Entries below include pictures. Output exactly the lines from the one with "管理作業委員の小林さんが、植物に水をあげています。花もゴーヤも、喜んでいます。" down to the one with "- For the last", both ends included, and leave the pictures out.

= The data =
● ● ● ●

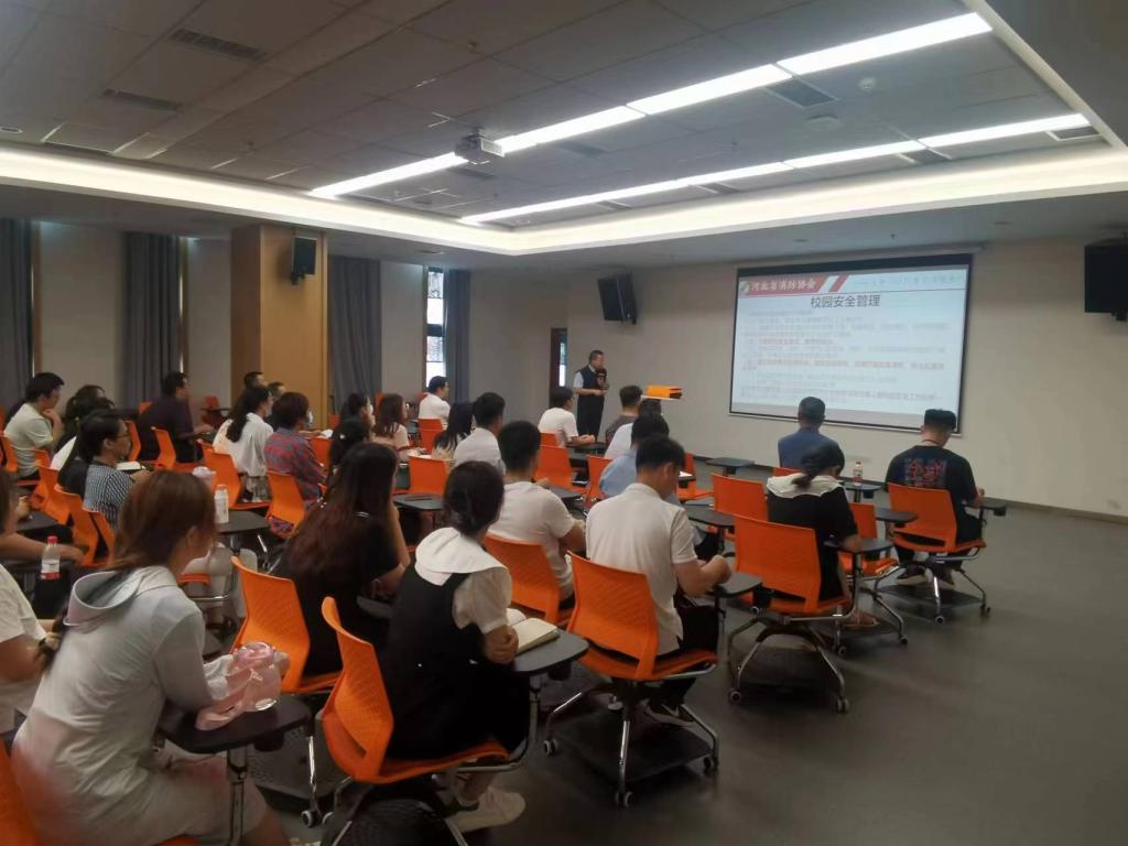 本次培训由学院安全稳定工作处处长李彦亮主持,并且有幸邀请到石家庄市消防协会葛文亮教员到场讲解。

● ● ● ●

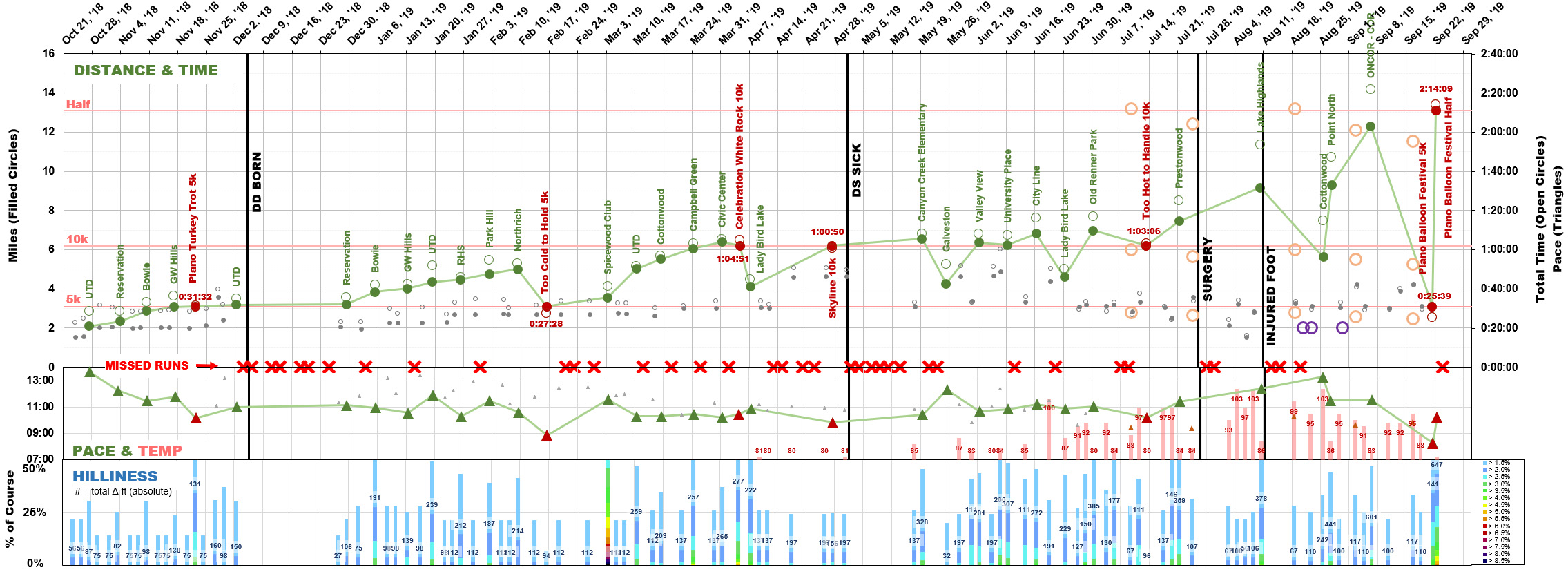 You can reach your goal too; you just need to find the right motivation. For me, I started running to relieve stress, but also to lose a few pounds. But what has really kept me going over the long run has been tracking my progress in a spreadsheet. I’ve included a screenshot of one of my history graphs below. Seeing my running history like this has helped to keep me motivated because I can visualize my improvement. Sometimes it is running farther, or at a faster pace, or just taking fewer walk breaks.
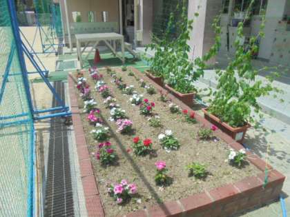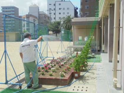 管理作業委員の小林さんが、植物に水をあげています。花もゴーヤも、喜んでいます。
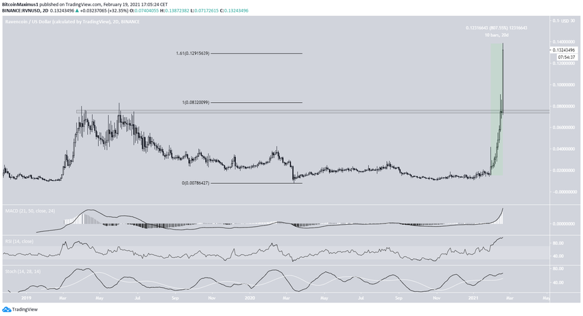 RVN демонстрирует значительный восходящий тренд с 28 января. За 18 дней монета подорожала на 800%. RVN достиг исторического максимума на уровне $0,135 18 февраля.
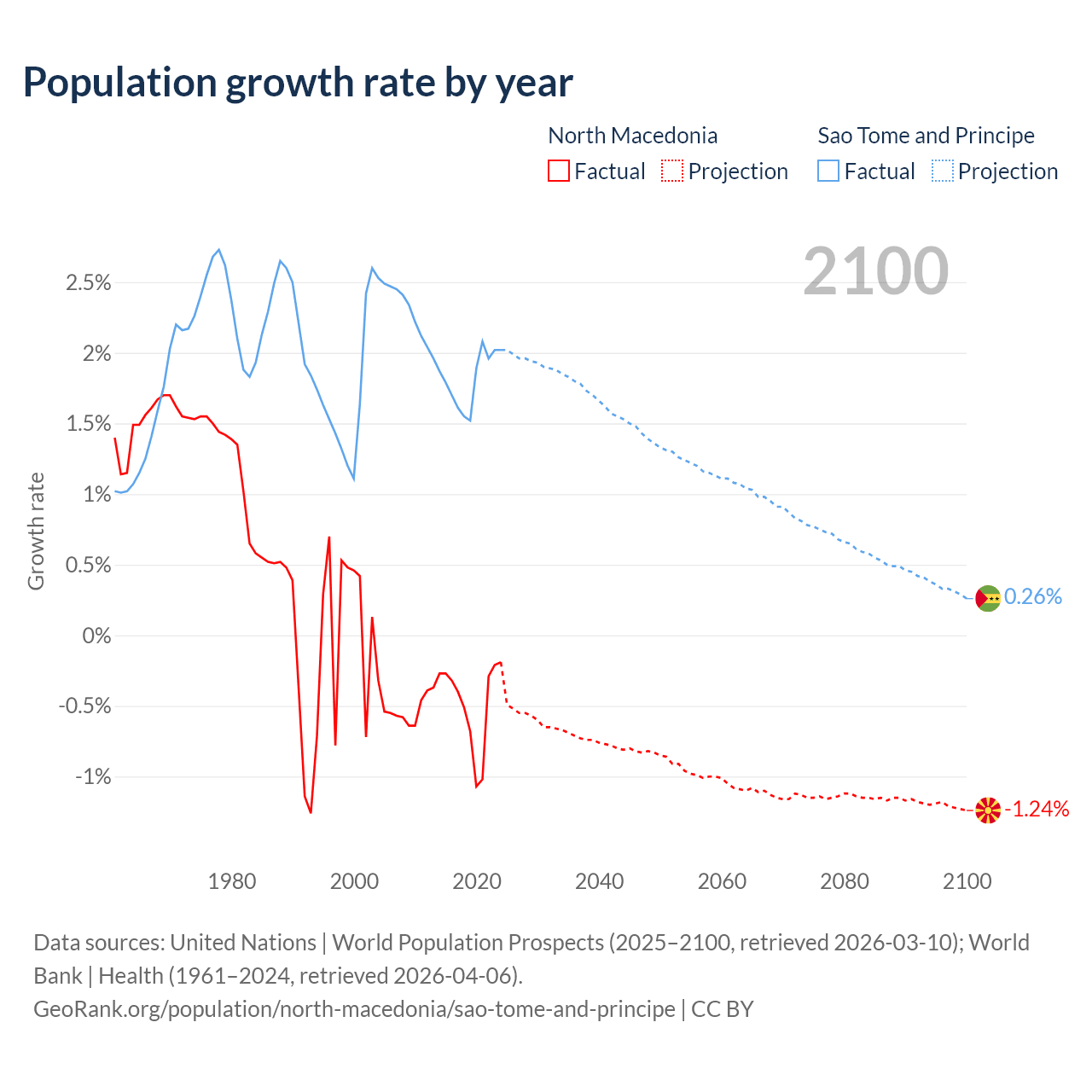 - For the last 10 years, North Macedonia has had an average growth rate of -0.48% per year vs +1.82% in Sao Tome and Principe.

● ● ● ●

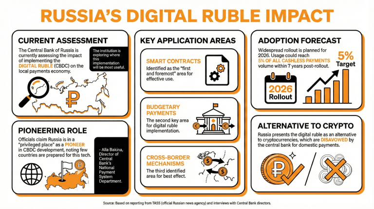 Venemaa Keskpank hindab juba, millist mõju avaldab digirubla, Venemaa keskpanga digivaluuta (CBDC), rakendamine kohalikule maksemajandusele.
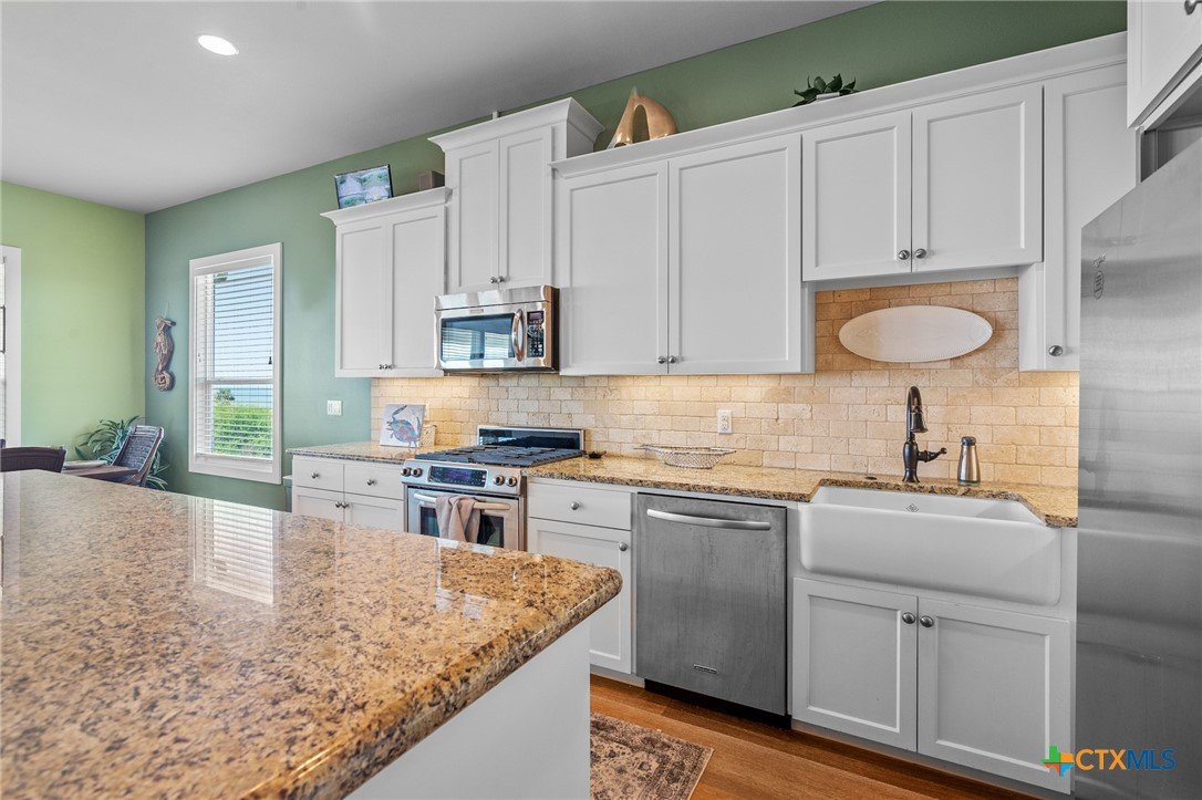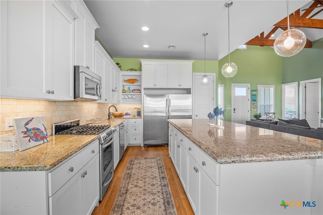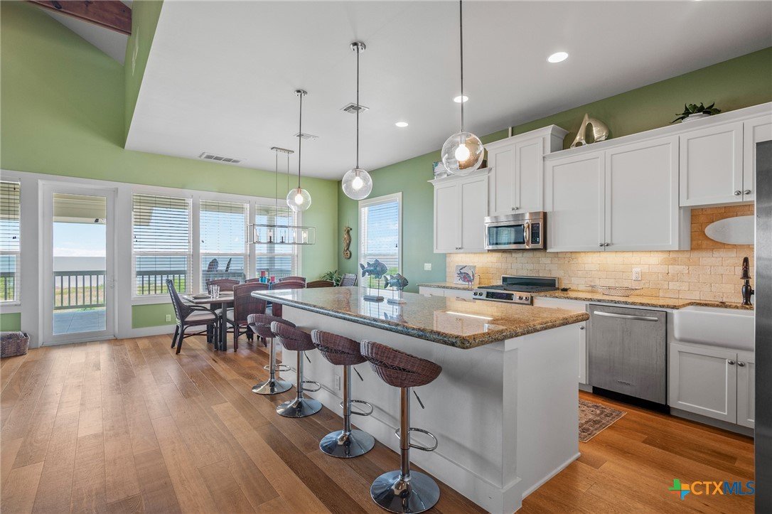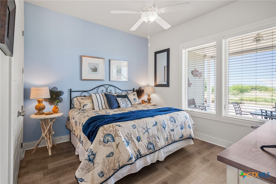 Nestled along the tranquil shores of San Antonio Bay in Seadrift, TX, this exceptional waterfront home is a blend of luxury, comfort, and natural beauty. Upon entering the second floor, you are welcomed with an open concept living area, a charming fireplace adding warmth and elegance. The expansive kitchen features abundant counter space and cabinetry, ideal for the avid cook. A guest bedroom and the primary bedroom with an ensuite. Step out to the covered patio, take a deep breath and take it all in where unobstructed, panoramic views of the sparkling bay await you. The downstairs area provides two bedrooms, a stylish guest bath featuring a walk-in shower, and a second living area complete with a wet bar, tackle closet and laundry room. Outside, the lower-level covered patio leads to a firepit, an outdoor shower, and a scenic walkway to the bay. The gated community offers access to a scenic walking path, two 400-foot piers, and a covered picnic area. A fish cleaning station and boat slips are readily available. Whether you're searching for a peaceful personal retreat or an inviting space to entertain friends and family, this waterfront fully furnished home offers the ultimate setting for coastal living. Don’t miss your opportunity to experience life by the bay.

● ● ● ●

= Your solution =
 管理作業委員の小林さんが、植物に水をあげています。花もゴーヤも、喜んでいます。
 RVN демонстрирует значительный восходящий тренд с 28 января. За 18 дней монета подорожала на 800%. RVN достиг исторического максимума на уровне $0,135 18 февраля.
 - For the last 10 years, North Macedonia has had an average growth rate of -0.48% per year vs +1.82% in Sao Tome and Principe.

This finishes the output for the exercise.